Natural language processing for code security
Natural Language Processing has transcended the scope of natural language. Nowadays it has several applications in other realms such as static code analysis. In particular, we show applications to bug finding and coding conventions linting both based upon the n-gram model.

Our return to the Machine Learning (ML) for secure code series is a bit of a digression, but one too interesting to resist. At the same time, it is not, since the Natural Language Processing (NLP) field is also part of what, at least today, is considered to be Artificial Intelligence. And, as we will claim in this article, it has great potential for applications to information security.

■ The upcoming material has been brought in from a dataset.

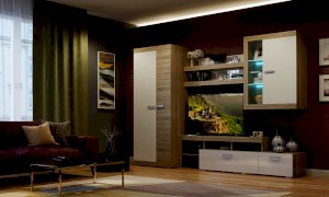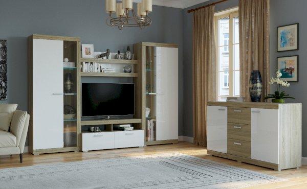 В гостиной Соната применяются современные европейские декоры: корпус выполнен из ЛДСП Дуб сонома, фасад из ЛДСП Белый глянец. Декоры отличаются выраженной тёплой древесной текстурой, а фасадная часть подчёркнута горизонтальными линиями текстуры и стильными планками МДФ, представляющими собой элементы корпуса и фасада.
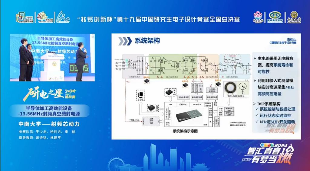 “射频芯动力”团队的参赛作品是一款面向半导体加工高效能设备的13.56Mhz射频真空溅射电源。该电源解决了现有国产射频电源电解电容方案可靠性低、高频高压功率测量困难以及等离子体负载本征弱阻尼振荡等问题,具有高精度与高可靠性等优势。作品在谢诗铭、林建亨两位老师指导下完成。团队队长于少龙同学在获奖后感言,经过方案设计、仿真验证、软硬件实现、产线测试与优化等作品研制过程和竞赛流程,大大提升了参赛队员团队协作能力以及电力电子控制等方面专业技能,锻炼了参赛队员理论结合实际能力。

Nowadays basically every cell phone uses a predictive keyboard. Besides completing words for you based on the first few letters, they are also able to suggest entire words after you have written some. And some of these combinations just make sense because they are used more frequently in common parlance. Certainly, "peanut" is more likely to be followed by "butter" than "wrench". Extending that idea to more words, "peanut butter and jelly" is definitely more likely to be followed by "sandwich" than "salad". As "star" by "trek", like in this demo for the Android Predictive Keyboard:

Android Predictive Keyboard demo animation
Figure 1. An n-gram based predictive keyboard at work

This is the basic idea behind n-gram analysis, a technique we have mentioned before in passing. It has been applied to a couple of the ML-powered vulnerability detectors we have discussed, most notably by the binary static analysis tool VDiscover.

An n-gram is simply a sequence of n consecutive words occurring in a piece of real text, which we take as basis for training. This text is called a corpus in the Natural Language Processing context. This training essentially consists of

  • Extracting all the possible n-grams in the corpus, taking punctuation into account so that "now. But before" will not be considered a valid 3-gram.

  • Counting the occurrence of each n-gram vs the total, i.e., finding the relative frequency of each.

That’s it! Now if you see "peanut butter and jelly", we look at all the 5-grams that contain this 4-gram, and see which one has the highest relative frequency. Suppose the "peanut butter and jelly sandwich" occurs the most in our training corpus. Then the first suggested word to come after the given 4 is, of course, "sandwich", rather than "wrench".

If the corpus is good enough regarding the context in which such words would appear, then the suggestions should be just as good. The quality of results and hence the accuracy of our classifier is highly dependent on the training corpus' quality. Cell phone predictive keyboards exploit this fact by learning from your typing habits. Depending on who you are, "machine" might be more likely followed by "shop", "head" or "learning".

Now if all this can be done on natural language, which has all sorts of ambiguities, mistakes in the training corpus, irregularities, etc, image what can be done if we applied this same idea to code, which is highly regular, ordered and syntactically strict? The possible applications are very promising:

  • Automatically complete code like text above.

  • Finding bugs in code via n-gram analysis.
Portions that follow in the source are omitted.